Antara    •    Selasa, 18 Aug 2015 13:45 WIB
menko perekonomian
Ada 3 Isu Krusial Hadang Darmin Nasution
Gedung Parlemen (MI/SUSANTO)

Metrotvnews.com, Jakarta: Anggota Komisi XI DPR RI Andreas Eddy Susetyo mengungkapkan bahwa terdapat tiga isu krusial menghadang Menteri Koordinator Perekonomian Darmin Nasution untuk ditangani yaitu pangan, kurs rupiah, dan harga minyak.

"Kerentanan di bidang pangan baik aspek persediaan maupun lonjakan harga, pelemahan rupiah terhadap dolar AS dan merosotnya harga minyak dunia akan menjadi isu krusial," kata Andreas, dalam keterangan tertulisnya, di Jakarta, Selasa (18/8/2015).

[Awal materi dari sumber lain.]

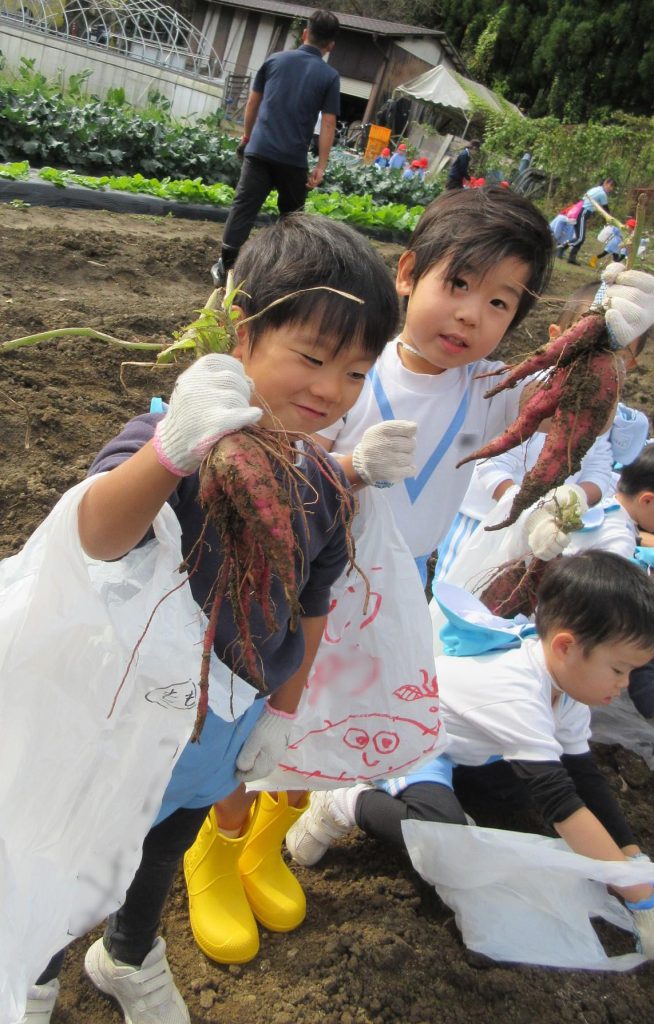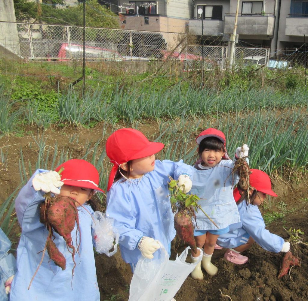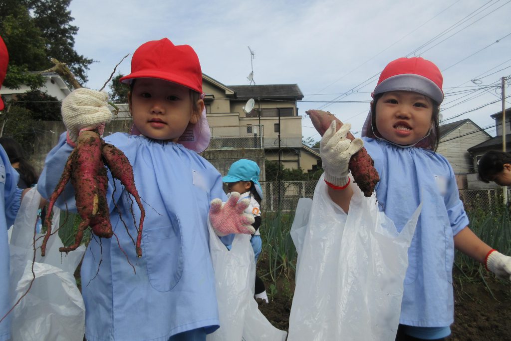 今日はこぐま組・つぼみ組・年少組で芋掘りに行きました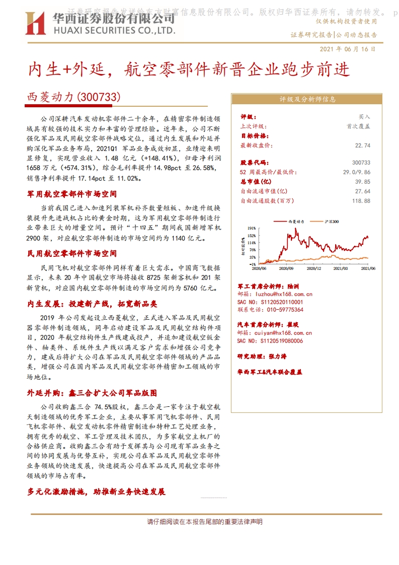 2021-06-17-華西證券-西菱動(dòng)力-內(nèi)生+外延,航空零部件新晉企業(yè)跑步前進(jìn)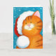 Un naranja lindo gato con un sombrero de Santa y rodeado de nieve. Tarjeta de Navidades festivos con mensaje de vacaciones de personalizable dentro. Borrar texto personalizado si desea que la tarjeta esté en blanco dentro. Pintura © 2009 Lisa Marie Robinson
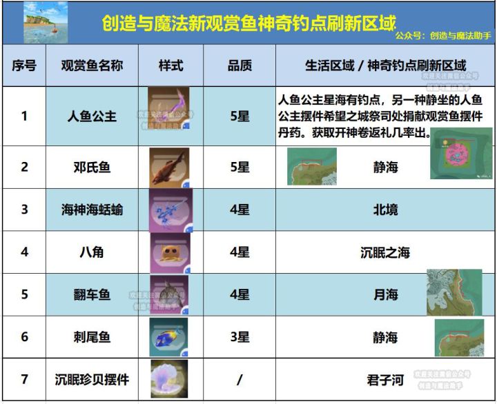 创造与魔法新观赏鱼美人鱼邓氏鱼等钓点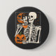 Skeleton Drinking Coffee Lover Halloween Skull Funny design Gift Round Button Classic Collection.
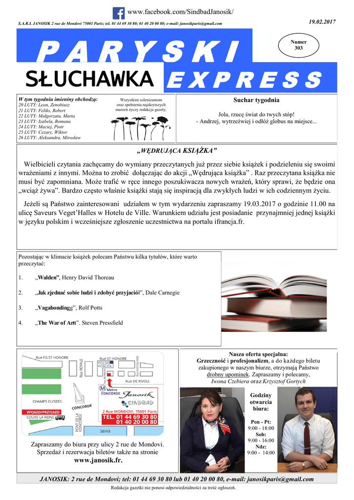 www.facebook.com/SindbadJanosik/ 19.02.2017 S.A.R.L JANOSIK 2 rue de Mondovi 75001 Paris; tel. 01 44 69 30 80; 01 40 20 00 80; e-mail: [email protected] PARYSKI Numer 303 SŁUCHAWKA E X P R E S S W tym tygodniu imieniny obchodzą: Wszystkim solenizantom oraz spełnienia najskrytszych marzeń życzy redakcja gazety. 20 LUTY: Leon, Zenobiusz 21 LUTY: Feliks, Robert 22 LUTY: Małgorzata, Marta 23 LUTY: Izabela, Romana 24 LUTY: Maciej, Piotr 25 LUTY: Cezary, Wiktor 26 LUTY: Aleksandra, Mirosław Suchar tygodnia Jola, rzucę świat do twych stóp! - Andrzej, wytrzeźwiej i odłóż globus na miejsce... „WĘDRUJĄCA KSIĄŻKA” Wielbicieli czytania zachęcamy do wymiany przeczytanych już przez siebie książek i podzieleniu się swoimi wrażeniami z innymi. Można to zrobić dołączając do akcji „Wędrująca książka” . Raz przeczytana książka nie musi być zapomniana. Może trafić w ręce innego poszukiwacza nowych wrażeń, który sprawi, że będzie ona „wciąż żywa”. Bardzo często właśnie książki stają się inspiracją dla zwykłych ludzi w ich codziennym życiu. Jeżeli są Państwo zainteresowani udziałem w tym wydarzeniu zapraszamy 19.03.2017 o godzinie 11.00 na ulicę Saveurs Veget’Halles w Hotelu de Ville. Warunkiem udziału jest posiadanie przynajmniej jednej książki w języku polskim i wcześniejsze zgłoszenie uczestnictwa na portalu ifrancja.fr. Pozostając w klimacie książek polecam Państwu kilka tytułów, które warto przeczytać: 1. „Walden”, Henry David Thoreau 2. „Jak zjednać sobie ludzi i zdobyć przyjaciół”, Dale Carnegie 3. „Vagabondingg”, Rolf Potts 4. „The War of Artt”. Steven Pressfield Nasza oferta specjalna: Grzeczność i profesjonalizm, a do każdego biletu zakupionego w naszym biurze, otrzymają Państwo drobny upominek. Zapraszamy i polecamy, Iwona Czebiera oraz Krzysztof Gortych Godziny otwarcia biura: Zapraszamy do biura przy ulicy 2 rue de Mondovi. Sprzedaż i rezerwacja biletów także na stronie Pon - Pt: 9:00 - 18:00 Sob: 9:00 - 16:00 Ndz: 9:00 - 14:00 www.janosik.fr. JANOSIK: 2 rue de Mondovi; tel: 01 44 69 30 80 lub 01 40 20 00 80, e-mail: [email protected] Redakcja gazetki nie ponosi odpowiedzialności za treść ogłoszeń. Renomowana i legalnie działająca firma prowadzi transfery na lotniska. Biuro Janosik poleca. PRACA : Elektryk Murarz +48 522305833 Monter płyt karton-gips +48 504734983 Operator wózka widłowego Spawacz MIG/MAG +48 571445378 Posadzkarz (z zakwaterowaniem) [email protected] MIESZKANIE — USŁUGI — NAUKA — INNE : Korepetycje język francuski kontakt e-mail: [email protected] Fotograf 06 27 31 22 18 Pokój do wynajęcia dla dwóch osób lub miejsce w pokoju dwuosobowym . kuchnia, WC, internet, do dyspozycji. Linia metra 7- druga zona. Telefon : 07 83 14 94 01 Dajcie nam znać jaki rodzaj łamigłówek chcielibyście rozwiązywać. Masz problemy z piciem? Może Anonimowi Alkoholicy pomogą! Tłumaczenia przysięgłe i zwykłe 07 82 15 98 22 Pomoc językowa i w sprawach urzędowych 06 12 79 44 37 Les Mureaux – sprzątanie klatek schodowych w blokach 06 61 15 00 28 Wszelaka pomoc prawna w administracji francuskiej (RSA, CAF, CNAV, ASSURANCE MALADIE, otwieranie firm i inne). Kontakt: Edyta - 06 22 72 26 68 [email protected] NIEDZIELA - 17.00: 3 rue Rampale (kod: 9172), Paris, Metro: Belleville. WTOREK – 19.30: 18 rue Claude Lorrain, Paris, Metro: Exelmans. ŚRODA – 19.30: 20 rue Legendre (I piętro), Paris, Metro: Villiers. CZWARTEK: 19.30: 11 Ville St-Jacques (kod: 0911); 10.45 -12.15: 3 rue Rampal, (kod: 9172), Metro: Belleville Godz. 19.30: (GRUPA AA DLA KOBIET) 3, rue Rampal, (kod: 9172), 75019 Paris, Metro: Belleville. Wynajmę studio 20 m. kwadratowych dla małżeństwa lub dwóch dziewczyn. Alfortville obok stacji RER B. Cena: 600 euro. Tel.1: 06 17 24 91 63 Tel.2: 06 29 91 39 22 _________________________ Mieszkanie do wynajęcia w Clamart dla pary lub przewoźnika, 29m (pokój, łazienka, kuchnia) parter, wejście z ulicy. 650euro/miesiąc. Tel. 06 18 60 16 21 Więcej plansz Sudoku na: mojesudoku.pl Przewóz Tadzik Bus oferuje: Przewóz osób i zwierząt, domowe wyroby, polskie produkty, przeprowadzki, transport motocykli i quadów. Zamówienia specjalne: spożywcze, budowlane, motoryzacyjne i inne. Wyjazdy z Paryża co sobotę godzina 20:00. Wyjazdy z Polski co czwartek o godzinie 10:00. Telefon: 0033 69 577 16 55 0033 78 1945 966 0048 500 89 14 22 Miejsce na Twoje ogłoszenie! UWAGA! Nowość w Moulin Tour Paris Poza wynajmem autokarów oraz busów, organizowaniem wycieczek szkolnych i pielgrzymek, wprowadzamy nowość - dowóz na odjazdy i odbiór z przyjazdów autokarów Sindbad-Eurobus. Telefon: 07 83 07 12 77 Redakcja gazetki nie ponosi odpowiedzialności za treść ogłoszeń.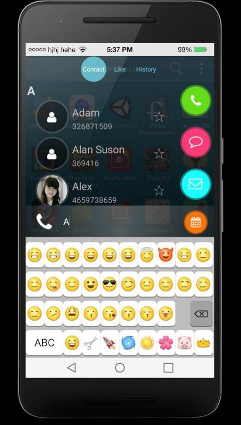 - إرسال رمز تعبيري، والملصقات بين جميع التطبيقات الاجتماعية مثل الفيسبوك، imessenger، الخ

Dia mengatakan di bidang pangan, Indonesia sangat rentan terhadap permainan para spekulan dan mafia sehingga lonjakan harga berbagai komoditas seperti cabai, beras, daging dan bahan pangan lain seolah menjadi tradisi yang tak terselesaikan.

Pemerintah juga perlu memperhatikan adanya fenomena alam berupa badai El Nino di mana Indonesia adalah salah satu negara yang bakal terkena dampaknya, sebagaimana yang terjadi pada 1997 (setahun sebelum krisis ekonomi 1998).

"Pemerintah harus menyiapkan kebijakan strategis yang bersifat antisipasif dari sekarang agar krisis seperti 1998 tidak terjadi," jelas dia.

Sedangkan isu krusial di bidang nilai tukar yakni devaluasi mata uang yuan saat ini telah menambah ketidakpastian ekonomi global sehingga menambah kekhawatiran perekonomian dunia yang jika berlanjut berpotensi menimbulkan krisis lebih parah.

"Harus diakui bahwa sentimen pasar terhadap nilai tukar rupiah saat ini telanjur negatif," jelasnya.

Sementara itu, berkaitan dengan harga minyak, batas bawah yang diambil pemerintah sebesar USD60 per barel dari asumsi makro USD60-USD70 per barel dinilai sudah tepat. Namun gelojak internasional perlu diantisipasi terutama apabila senat AS menyetujui ditetapkannya perjanjian bilateral antara Amerika Serikat dan Iran.

"Jika hal itu terjadi, minyak Iran akan membanjiri pasar yang otomatis menyebabkan harga minyak anjlok. Perlu ada skenario agar merosotnya harga minyak dunia dan rupiah tidak berimbas terlalu jauh ke sektor ekspor Indonesia. Sebab Indonesia mengandalkan ekspor komoditas di mana pasar komoditas ini akan terpukul apabila harga minyak dunia merosot," pungkas dia.